Europe’s EPR Nuclear Reactor Model May Finally Go Live in 2019

New reactors inch closer to commissioning in Finland and France.

Photo Credit: EDF

It's a new year, and it could be the year to end a construction saga surrounding Europe’s ill-fated EPR commercial nuclear reactor model.

French-built EPRs (the acronym originally stood for European Pressurised Reactor and then changed to Evolutionary Power Reactor) could deliver power for the first time on European soil before the end of 2019, according to an S&P Global Platts report.

The commissioning of EPRs in France and Finland would conclude a sorry saga of delays and cost overruns for the reactor design. Construction started in 2005 on the first EPR, Olkiluoto 3 in Finland, with an estimated start date of 2010.

Not only has the project taken almost three times as long to build, but it has also seen costs balloon. In 2012 the project was already expected to cost about €8.5 billion ($9.8 billion at today’s exchange rate), nearly three times the reactor’s original €3 billion ($3.5 billion) price tag.

The project has also been blighted by competing compensation claims from the developer, Areva (which rebranded as Orano last year), and the owner, Teollisuuden Voima Oyj.

Areva’s second EPR, being built at the Flamanville Nuclear Power Plant in France, has not fared much better. Construction started at the end of 2007 and was slated to end in 2012, at a cost of €3.3 billion ($3.8 billion). On current estimates it will cost €10.9 billion ($12.6 billion).

Given the history of delays, there is still uncertainty over when both projects will be completed. The S&P Global Platts piece said both could deliver first power before the end of the year, but also noted that Olkiluoto 3 is not due to enter full operation until early 2020.

Dr. Jonathan Cobb, senior communication officer at the World Nuclear Association, confirmed regular electricity generation is unlikely to commence before January 2020.

Olkiluoto 3 passed key pre-operational hot functional tests on its coolant circuits and safety systems in May 2018, he said.

Fuel will be loaded into the reactor core this June, and the reactor should be connected to the grid in October, at which point it will be considered to be in operation. The Flamanville 3 reactor is following close behind, but appears unlikely to come online this year.

Hot testing of the reactor is due to begin shortly, said Cobb, with fuel loading likely to happen in the fourth quarter of 2019 and full operation next year.

Last July, Reuters reported that trouble with welds had forced the plant’s owner, EDF, to postpone grid connection to the first quarter of 2020, with commercial operation slated to follow in the second quarter.
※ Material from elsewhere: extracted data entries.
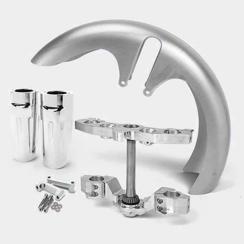 For models with fork covers, the kit must be ordered with our custom designed billet fork covers available in black, chrome or raw finish.
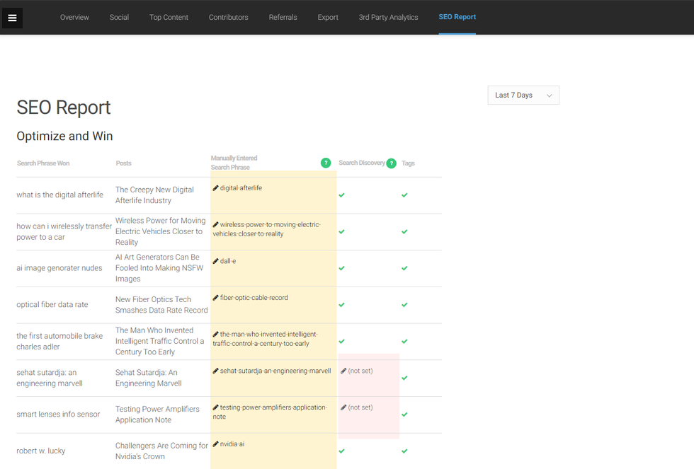 - Search Phrase Won: The search phrases that drive the most traffic to the post
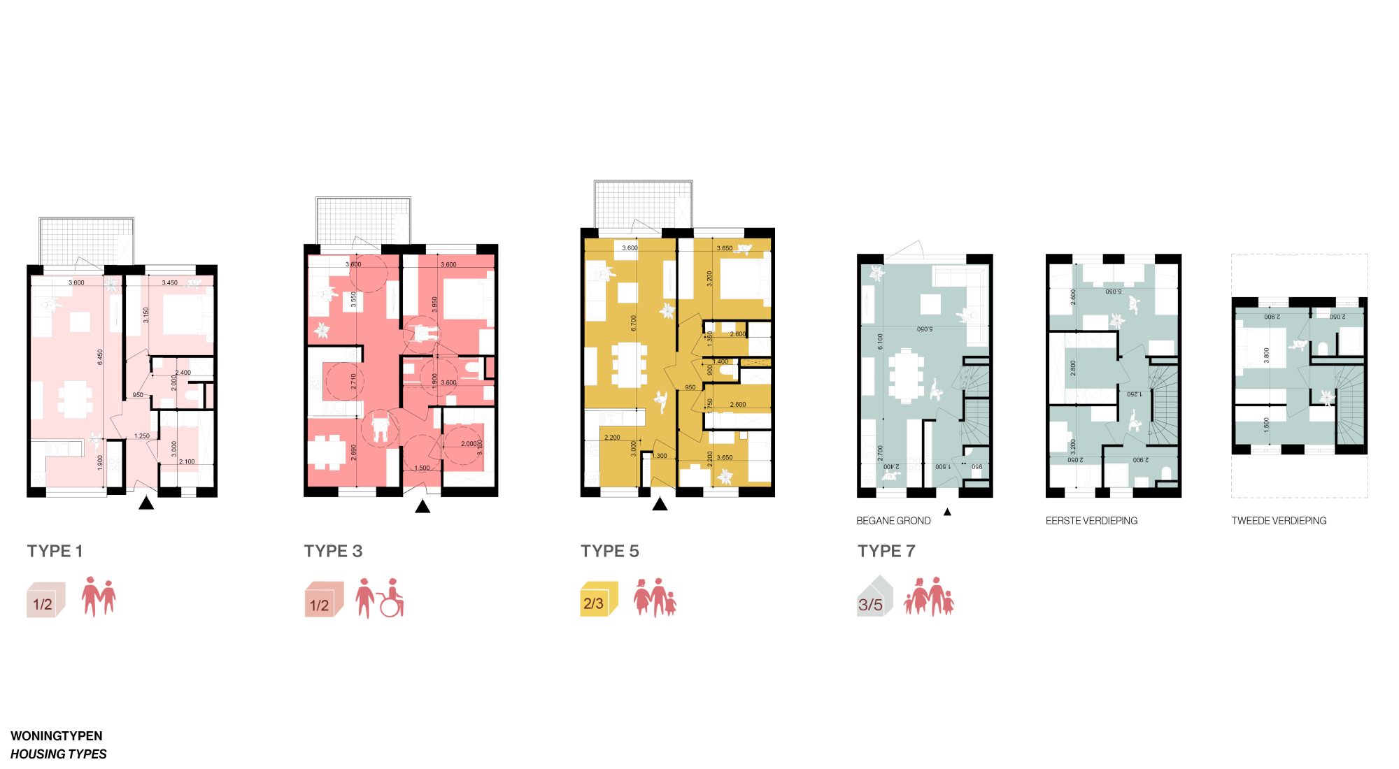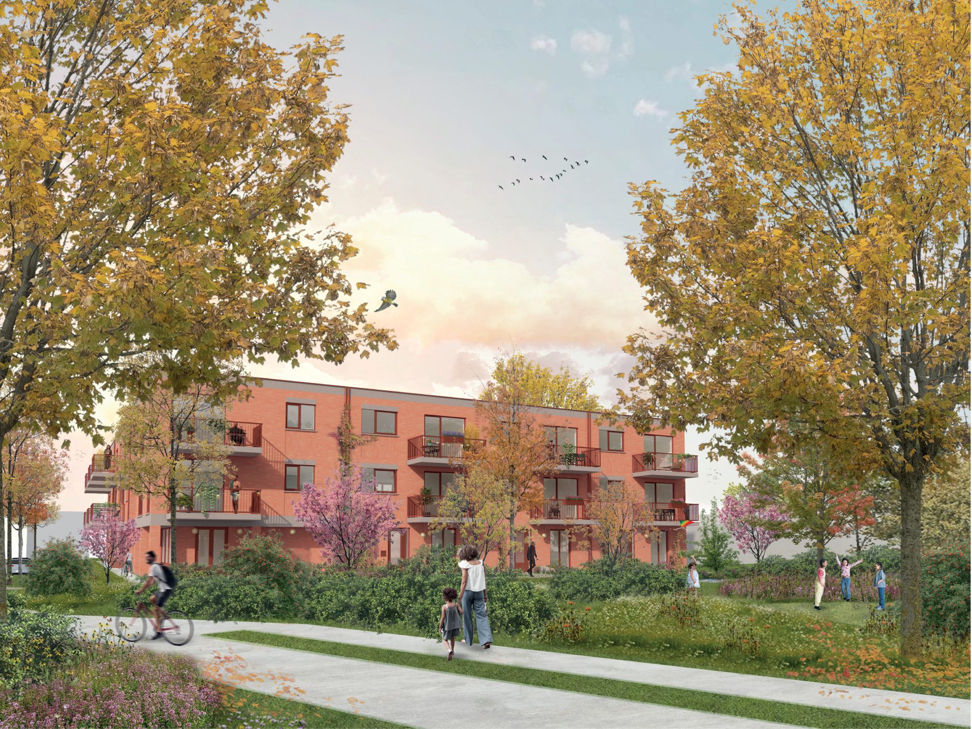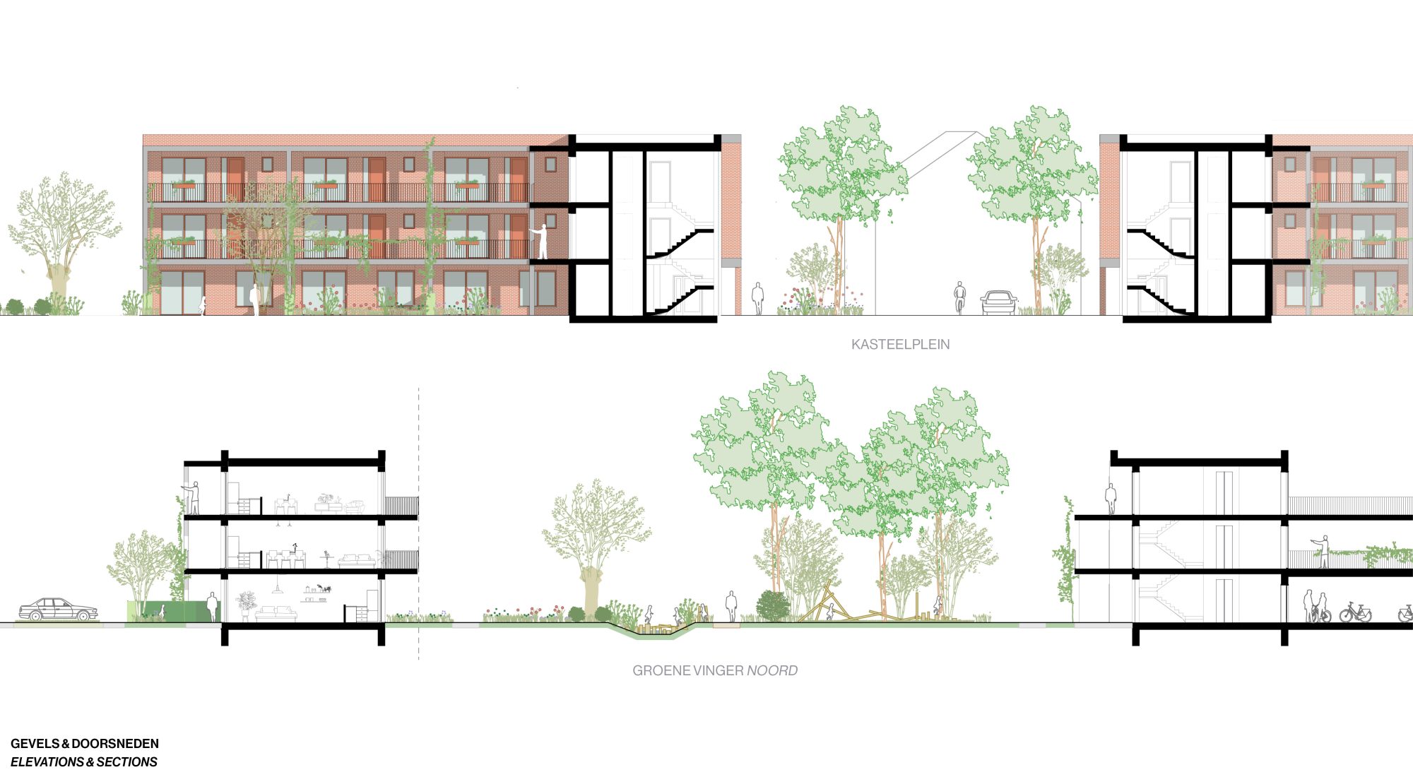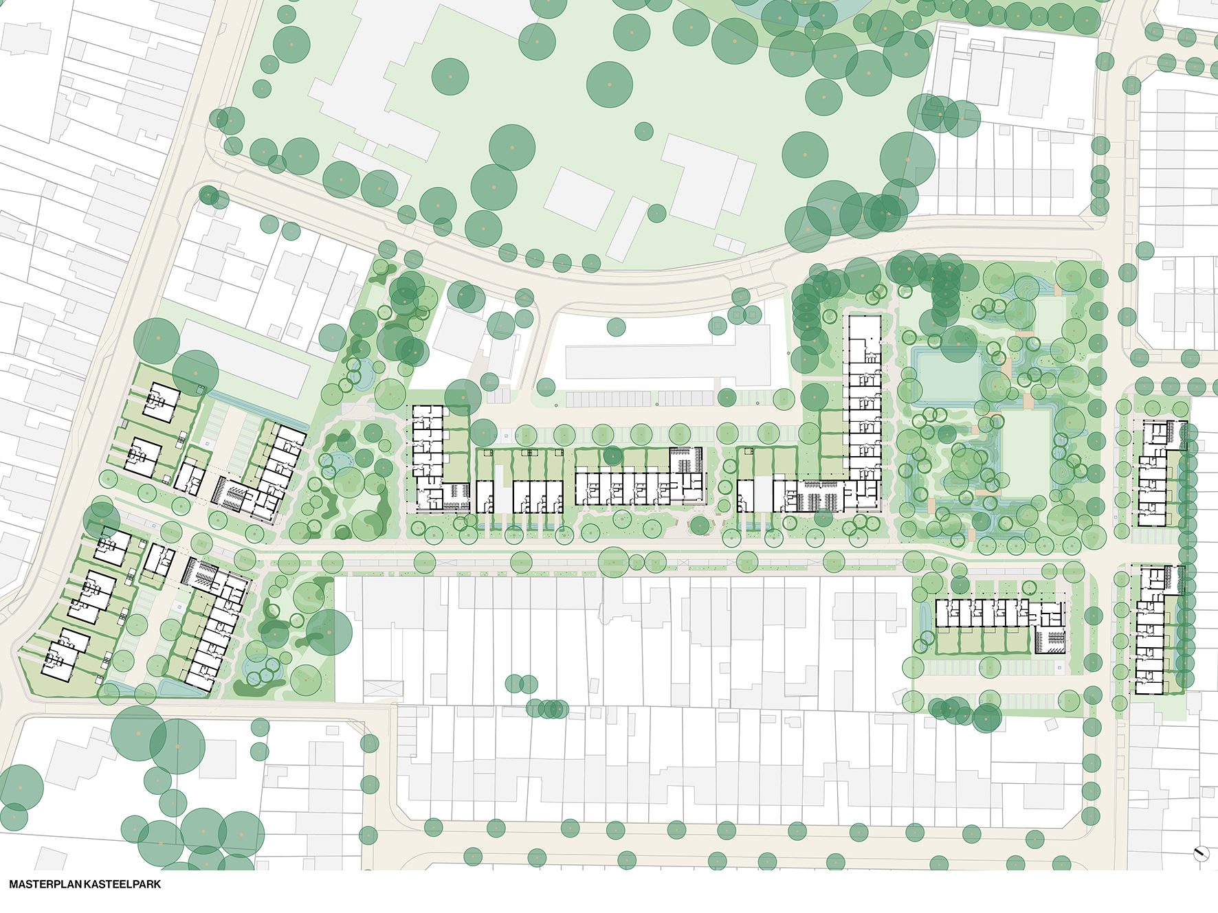 Het plan omvat 152 nieuwe wooneenheden, verdeeld over de drie woonhoven en bestaande uit een mix van woningtypes. Laagbouwvolumes worden georganiseerd rond semi-private binnenhoven, waar tuinen en parkeren zorgvuldig worden geïntegreerd. Entrees en balkons zijn georiënteerd op het Kasteelplein, de bestaande openbare straat, die wordt getransformeerd tot een duidelijke noord-zuidas. Deze as ondersteunt niet alleen het waterbeheer, maar vormt ook een rustige en samenhangende sociale en stedelijke verbinding doorheen de wijk.
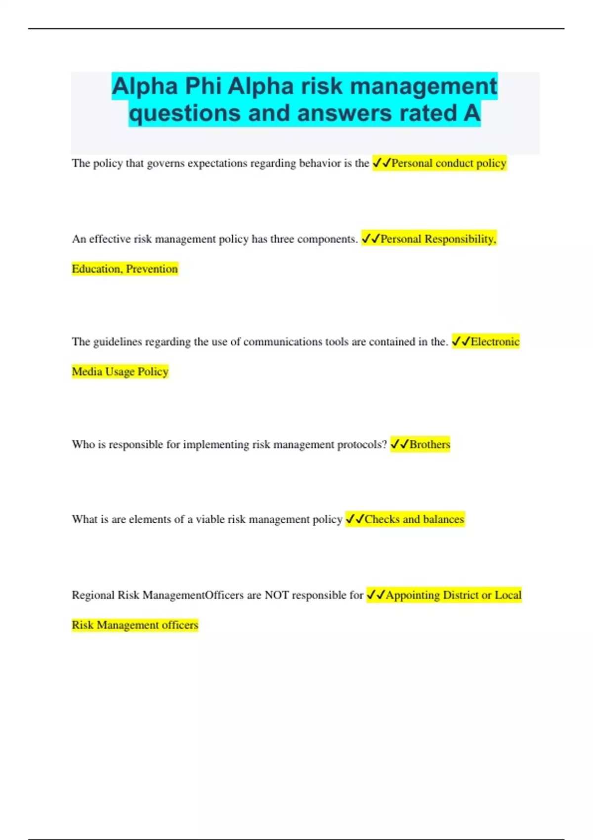 Alpha Phi Alpha risk management questions and answers rated A
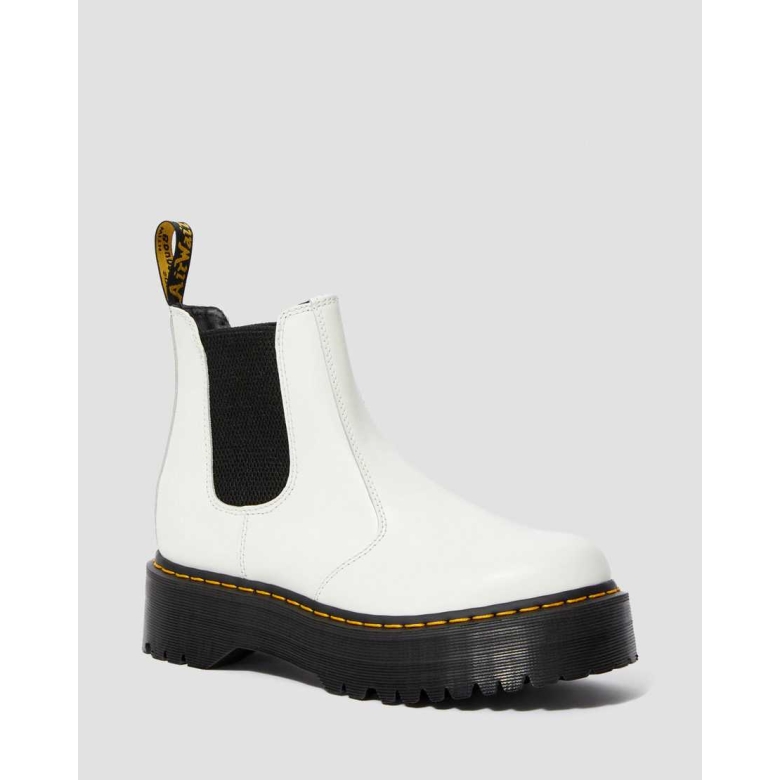 Chelsea boot was produced in the 70s, but the actual style dates back to the Victorian era. Today, the 2976 Chelsea boot is a slick, uncompromisingly fashion-forward look for all genders — and with a sure fit and an easy-on, easy-off elasticized gusset, it's a versatile boot that works with everything. This season, the boot gets an empowering boost from an aggressive, 1 1/2 inch platform sole — and now comes in show-stopping white Smooth leather. Elastic gussets Pull-on Chelsea boot style Constructed on the iconic and comfortable Dr. Martens air-cushioned sole, with a commando tread Built to last with a durable Goodyear welt Made with all the classic Docs DNA, including grooved sides, heel-loop and yellow stitching Made with Smooth, the original super-durable Dr. Martens leather Platform height: 1 1/2 in; Heel height: 1 7/8 in
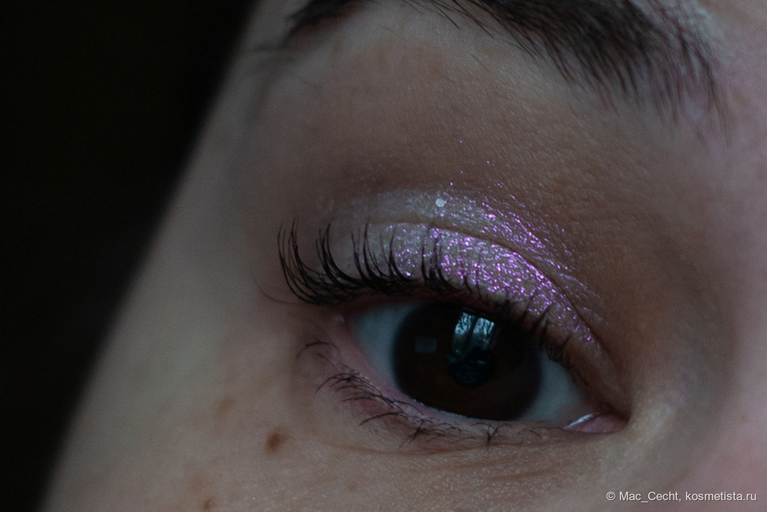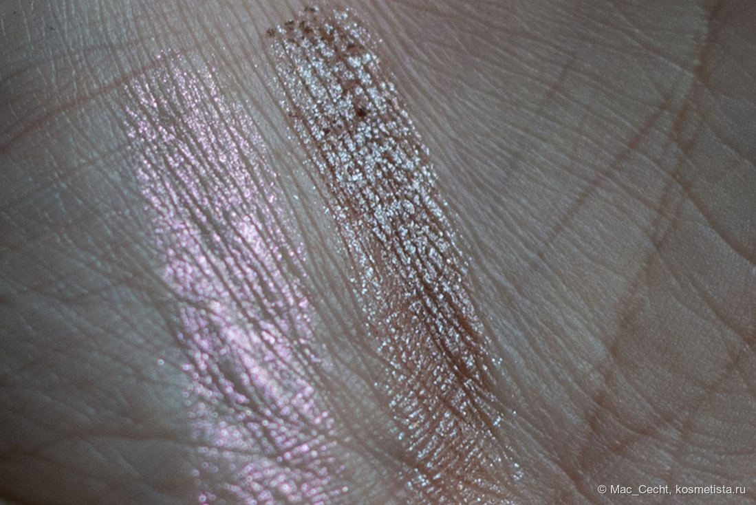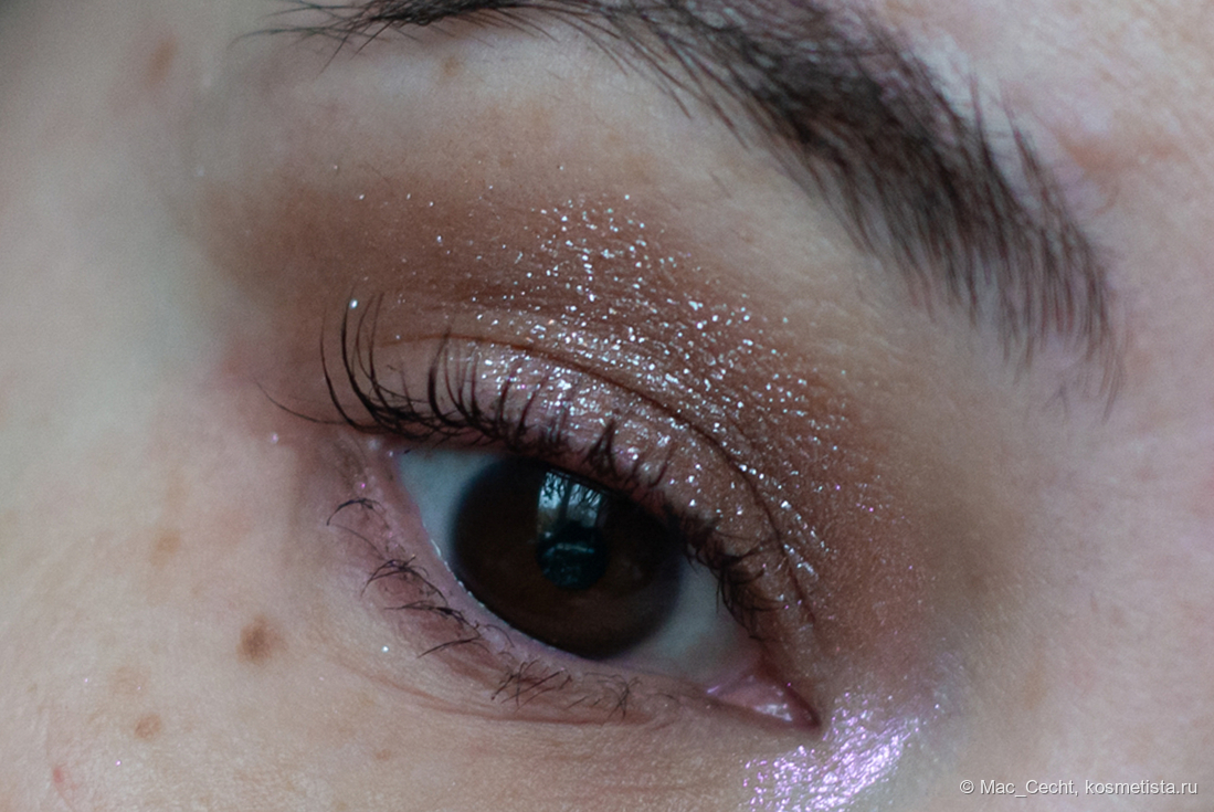 И коричневый с серебристыми блестками. Это вообще отличник для соло-макияжа. А как он переливается при искусственном свете, ммм...
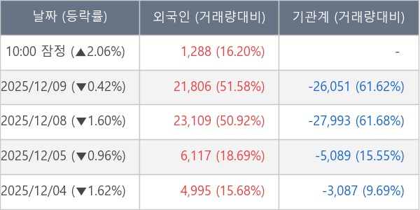 [표] 외국인ㆍ기관 순매매량 (단위 주)

It’s this kind of hiccup that makes it hard to gauge whether start-date estimates will slip again. However, said Cobb: “As projects move into the final stages of testing and commissioning, there should be greater certainty with the projected schedules.”

And at least there is one EPR in the world that is already up and running. After Olkiluoto 3 and Flamanville 3, Areva sold two more EPRs to China for a nuclear power plant in Taishan, Guangdong.

True to form, both reactors suffered delays, but Taishan 1 finally started delivering electricity to the grid in June last year and began commercial operation in December. Taishan 2 is scheduled to follow suit this year.

The haphazard progress of EPR deliveries has cast doubt over the viability of the design. The concept is being proposed for new nuclear installations in the United Kingdom, India and Saudi Arabia, and is likely to be championed if further plants are built in France.

However, the prospects for further EPR sales are “uncertain, at best,” said Edward Kee of the Washington, D.C.-based Nuclear Economics Consulting Group. “The EPR appears to be difficult to build and may not be an attractive technology compared with other offerings,” he said.

More importantly, he noted, “the French government seems to have little interest in or capacity to enter into the broader government-to-government and project funding arrangements that Russian and Chinese nuclear vendors are offering.”

After the lackluster performance of EPR projects to date, the fact that even the French are unwilling the back the reactors could render possible buyers wary.